**Data**:
..........

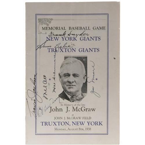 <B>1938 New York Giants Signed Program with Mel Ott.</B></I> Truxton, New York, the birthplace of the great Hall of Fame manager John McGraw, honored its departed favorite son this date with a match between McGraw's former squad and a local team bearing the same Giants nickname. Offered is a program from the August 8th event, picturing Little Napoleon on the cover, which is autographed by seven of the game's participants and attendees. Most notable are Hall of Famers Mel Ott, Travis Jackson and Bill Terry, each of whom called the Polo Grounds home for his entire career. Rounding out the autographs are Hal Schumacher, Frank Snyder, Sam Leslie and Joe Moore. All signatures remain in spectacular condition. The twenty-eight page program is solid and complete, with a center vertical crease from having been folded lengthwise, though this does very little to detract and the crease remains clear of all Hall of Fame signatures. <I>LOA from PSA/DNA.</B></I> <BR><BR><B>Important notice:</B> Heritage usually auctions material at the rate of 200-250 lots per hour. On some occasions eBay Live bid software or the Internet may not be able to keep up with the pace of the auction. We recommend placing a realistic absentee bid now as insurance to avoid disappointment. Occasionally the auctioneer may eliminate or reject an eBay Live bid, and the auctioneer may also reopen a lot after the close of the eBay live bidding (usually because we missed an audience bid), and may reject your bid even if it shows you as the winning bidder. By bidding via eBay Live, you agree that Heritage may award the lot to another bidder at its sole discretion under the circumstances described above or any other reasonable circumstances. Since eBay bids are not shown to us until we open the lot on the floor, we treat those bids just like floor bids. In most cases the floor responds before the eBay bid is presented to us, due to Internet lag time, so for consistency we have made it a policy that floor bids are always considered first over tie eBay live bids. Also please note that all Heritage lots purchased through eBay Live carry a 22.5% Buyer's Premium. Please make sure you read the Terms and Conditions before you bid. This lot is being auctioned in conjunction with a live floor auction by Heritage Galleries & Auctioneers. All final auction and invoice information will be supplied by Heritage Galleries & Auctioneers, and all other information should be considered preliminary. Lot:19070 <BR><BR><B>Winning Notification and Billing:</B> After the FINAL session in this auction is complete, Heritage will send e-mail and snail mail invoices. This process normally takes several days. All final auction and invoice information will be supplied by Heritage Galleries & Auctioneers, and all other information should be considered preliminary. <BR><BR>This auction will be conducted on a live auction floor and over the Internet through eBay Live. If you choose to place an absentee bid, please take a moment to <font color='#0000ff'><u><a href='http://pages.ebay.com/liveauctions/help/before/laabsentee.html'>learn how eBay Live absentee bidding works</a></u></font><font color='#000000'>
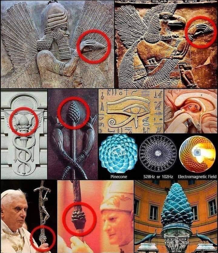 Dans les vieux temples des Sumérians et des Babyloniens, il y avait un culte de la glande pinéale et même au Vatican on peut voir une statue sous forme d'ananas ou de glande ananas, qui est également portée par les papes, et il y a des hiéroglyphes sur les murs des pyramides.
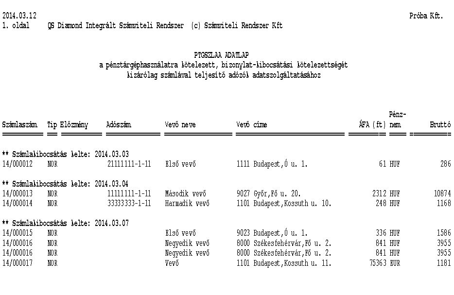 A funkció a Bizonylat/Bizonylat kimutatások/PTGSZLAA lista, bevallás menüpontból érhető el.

..........

Give back the full listing word for word, with the pictures left out.

**Task result**:
 <B>1938 New York Giants Signed Program with Mel Ott.</B></I> Truxton, New York, the birthplace of the great Hall of Fame manager John McGraw, honored its departed favorite son this date with a match between McGraw's former squad and a local team bearing the same Giants nickname. Offered is a program from the August 8th event, picturing Little Napoleon on the cover, which is autographed by seven of the game's participants and attendees. Most notable are Hall of Famers Mel Ott, Travis Jackson and Bill Terry, each of whom called the Polo Grounds home for his entire career. Rounding out the autographs are Hal Schumacher, Frank Snyder, Sam Leslie and Joe Moore. All signatures remain in spectacular condition. The twenty-eight page program is solid and complete, with a center vertical crease from having been folded lengthwise, though this does very little to detract and the crease remains clear of all Hall of Fame signatures. <I>LOA from PSA/DNA.</B></I> <BR><BR><B>Important notice:</B> Heritage usually auctions material at the rate of 200-250 lots per hour. On some occasions eBay Live bid software or the Internet may not be able to keep up with the pace of the auction. We recommend placing a realistic absentee bid now as insurance to avoid disappointment. Occasionally the auctioneer may eliminate or reject an eBay Live bid, and the auctioneer may also reopen a lot after the close of the eBay live bidding (usually because we missed an audience bid), and may reject your bid even if it shows you as the winning bidder. By bidding via eBay Live, you agree that Heritage may award the lot to another bidder at its sole discretion under the circumstances described above or any other reasonable circumstances. Since eBay bids are not shown to us until we open the lot on the floor, we treat those bids just like floor bids. In most cases the floor responds before the eBay bid is presented to us, due to Internet lag time, so for consistency we have made it a policy that floor bids are always considered first over tie eBay live bids. Also please note that all Heritage lots purchased through eBay Live carry a 22.5% Buyer's Premium. Please make sure you read the Terms and Conditions before you bid. This lot is being auctioned in conjunction with a live floor auction by Heritage Galleries & Auctioneers. All final auction and invoice information will be supplied by Heritage Galleries & Auctioneers, and all other information should be considered preliminary. Lot:19070 <BR><BR><B>Winning Notification and Billing:</B> After the FINAL session in this auction is complete, Heritage will send e-mail and snail mail invoices. This process normally takes several days. All final auction and invoice information will be supplied by Heritage Galleries & Auctioneers, and all other information should be considered preliminary. <BR><BR>This auction will be conducted on a live auction floor and over the Internet through eBay Live. If you choose to place an absentee bid, please take a moment to <font color='#0000ff'><u><a href='http://pages.ebay.com/liveauctions/help/before/laabsentee.html'>learn how eBay Live absentee bidding works</a></u></font><font color='#000000'>
 Dans les vieux temples des Sumérians et des Babyloniens, il y avait un culte de la glande pinéale et même au Vatican on peut voir une statue sous forme d'ananas ou de glande ananas, qui est également portée par les papes, et il y a des hiéroglyphes sur les murs des pyramides.
 A funkció a Bizonylat/Bizonylat kimutatások/PTGSZLAA lista, bevallás menüpontból érhető el.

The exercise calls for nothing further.